A coder's tale

Tags: programming, writing, a glimpse into life, and popular request

Wake up. Check phone: 21 notifications, spread on four social media and two news outlets. Nothing important, put phone away. Climb out of bed, search for glasses, fumble, find them, wear them. Grab T-Shirt; It's black, and in white bold monospaced letters there's "I changed your password" written across the chest. It will do, I put it on. There's still coffee in the Mokka, I pour it in my "Aperture Science" cup, take a sip. Will do. Stroll to the computer, sit down. The day can begin.

The first thing I do is check my bugtracker; Nobody added anything. Well, who would? A total of seven people downloaded the prototype: I know all seven of them. "Build it and they will come"... my ass. *sigh*. My motivation wasn't the greatest to begin with, but now it dropped to nearly zero. This project needs to come to conclusion soon, I have thousands of other ideas in my head, but actually finishing a project is on top of my priorities: It's half a year since my last paycheck, the money I saved up is slowly fading away, and I'd really need something to bring in some cash. Not that I would really earn a lot, the payment will be on a donation basis, and I expect nobody to want to shill out any money for this. But it's worth trying. I have to finish this. I still lack motivation, discipline will have to do.

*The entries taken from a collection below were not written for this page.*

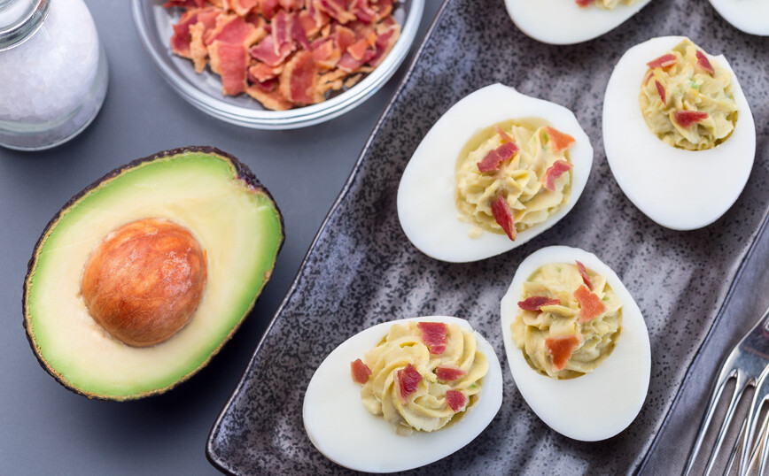 Λιώστε με ένα πιρούνι το αβοκάντο σε ένα μπολ και προσθέστε το ψιλοκομμένο μπέικον, τους κρόκους των αβγών, τη μαγιονέζα, τη μουστάρδα και το χυμό λάιμ και ανακατέψτε.
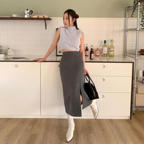 옆트임 롱 면 치마 일자 스커트 여자 활동성 H라인 vpP8+1tQe
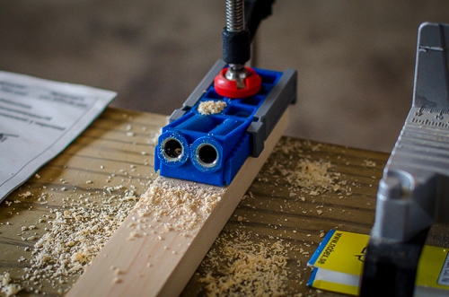 Pocket holes are drilled in the vertical colums to attach to the base.
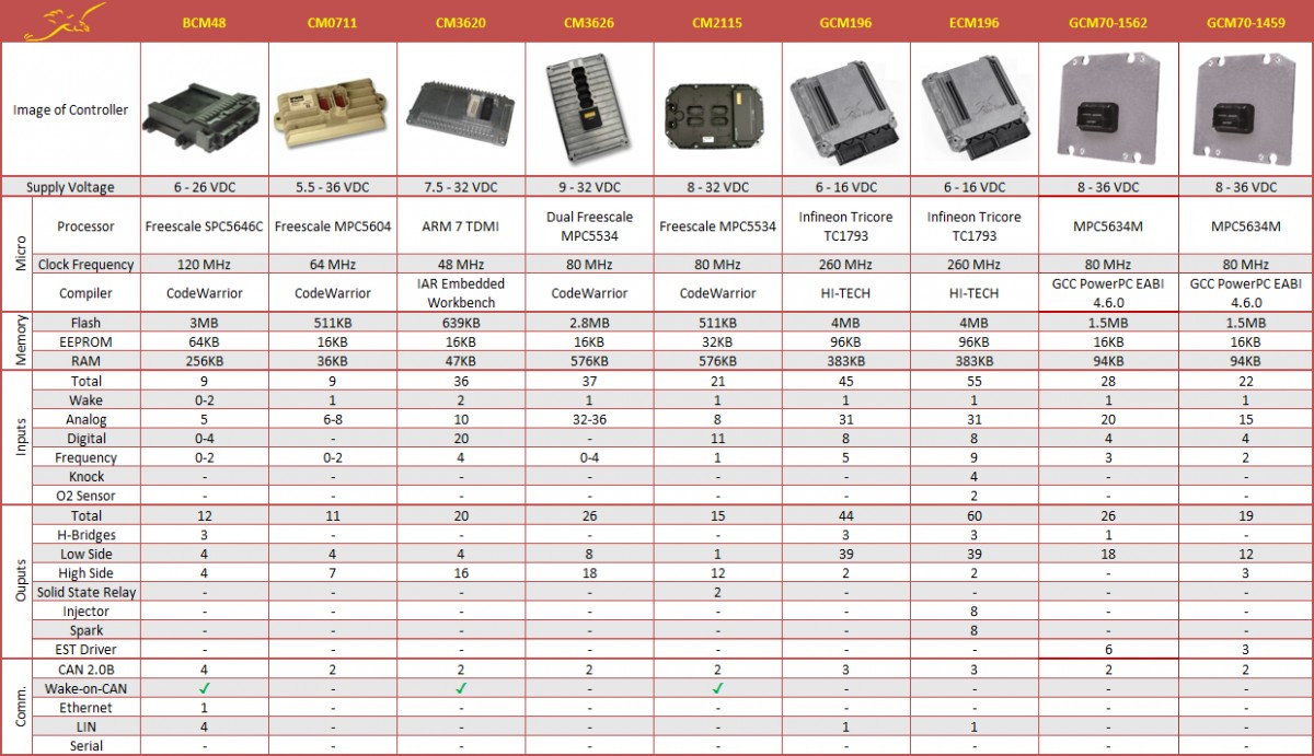 硬件电子控制单元规格列表
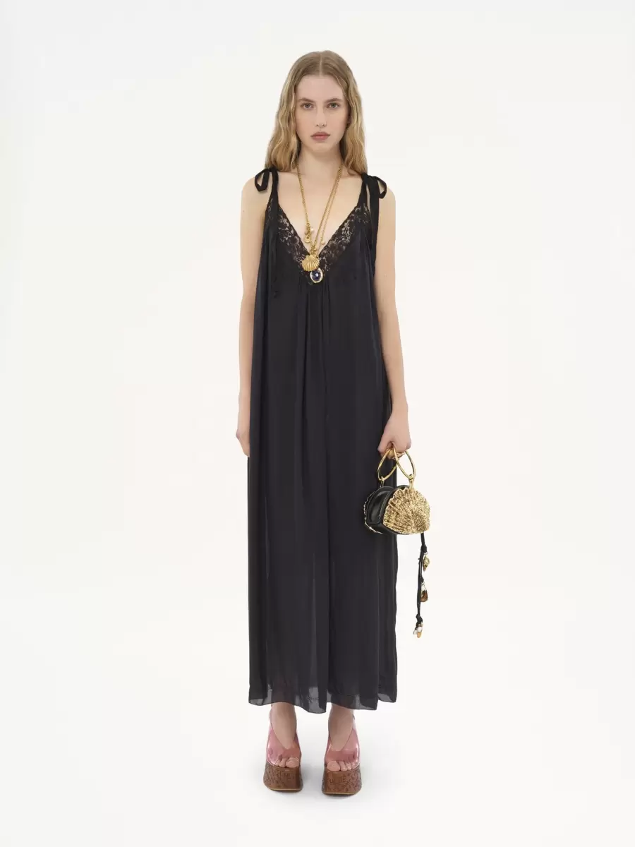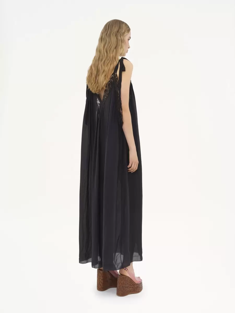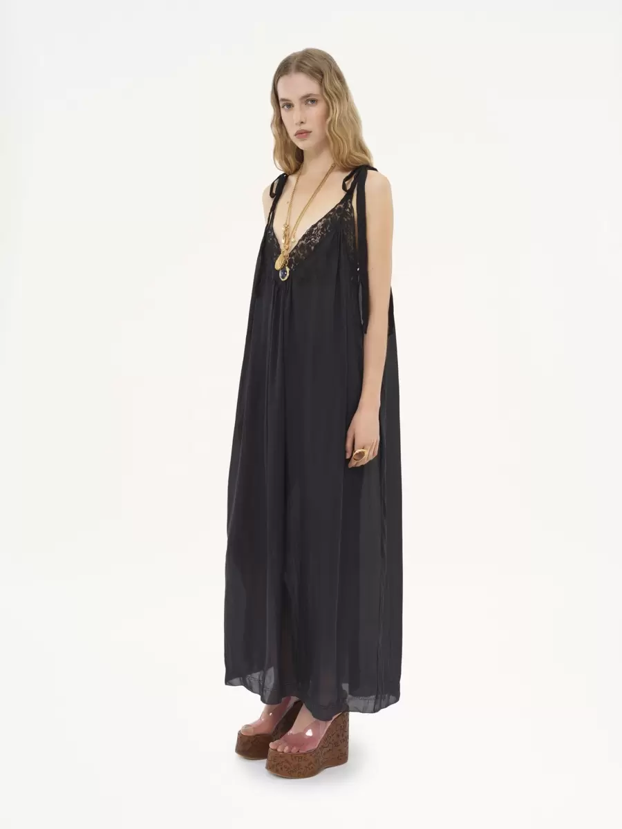 Abito lungo e fluido in charmeuse di seta organica leggera con bordo in pizzo lungo lo scollo a V e sottili spalline annodate sulle spalle. Una fodera separata completa questo capo.
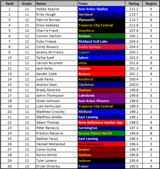Currently there are about 6500 boys and 5500 girls with ratings this season. I’d estimate that’s about 85-90% of the state.

I stare at the code in the editor. My impulse would be to implement one of the many ideas I have for new features for this project, but it's already so afflicted by feature creep, I don't want to bloat it even more. Put on headphones, open up Spotify, and put on the right music to motivate myself for the tedious task of completing the parts I'm currently working on... basically I'm gonna hunt bugs the whole day. I need something that pumps me up... I find the right playlist, and switch back to my Editor of choice, Sublime Text Editor. Every time I switch to it I feel a fit of guilt for using it without paying, and every time I pledge to pay for it as soon as I earn money with my projects. Focus. I'm getting distracted by trivialities again, I have to focus. Hands on the keyboard, I have to start working

Humming along the melody of "To the sky" while scrolling through the code, I try to remember where I left off, and then I see the function I was working on: It shouldn't work, I see at least two faults in the algorithm's logic, yet it seems to work. Why? I start analyzing the function, my hands flying over the mechanical keyboard. "Click Clack". Debug Message at the beginning of the function. "Click Clack". Check if parameters are set correctly. "Click Clack". Added breakpoints. Compile. Test. Swear. Close Program, back to Editor. Search where function gets called. "Click Clack". Swear. This debug message doesn't help, delete it again. "Click Clack". Add a few breakpoints. Compile. Swear. Back to Editor, fix the typo I made when deleting the debug message. Compile. Swear. Go back to editor, check what else I modified: it can't be the breakpoints, they won't affect... Swear. Compile again, checking compiler settings. Of course I limited debugging to that single file, and now the other files won't compile properly if they contain breakpoints. Change compiler settings. Compile. Test. Swear, louder then the times before. Why the fuck does this work? It shouldn't. Go back to the editor. Comment out the whole content of the function. "Click Clack". I'm only working since a handful of minutes, yet I'm already frustrated beyond what's good for being productive. To let off some steam, I comment each line manually.. inserting the double-slash at the beginning of each line is soothing. The mechanical motion my hand do, the mechanical sound of my mechanical keyboard... it feels real. Line By Line. "Click Clack". "Click Clack". "Click Clack". "Click Clack". I don't even read the lines I'm commenting out. I know them by now. I know every line in this project. I wrote them all. One by one. Carefully, crafted this artificial being out of nothingness. Working with a team was nice, but creating the project alone is way more satisfying. 27.371 lines of code, each with it's purpose, each carefully written. I'm finally done commenting the function. Compile. Test. It still works. I don't swear. I'm beyond the point of swearing now. THIS PILE OF METAL WANTS TO INSULT ME. There's no other possible explanation for why it works.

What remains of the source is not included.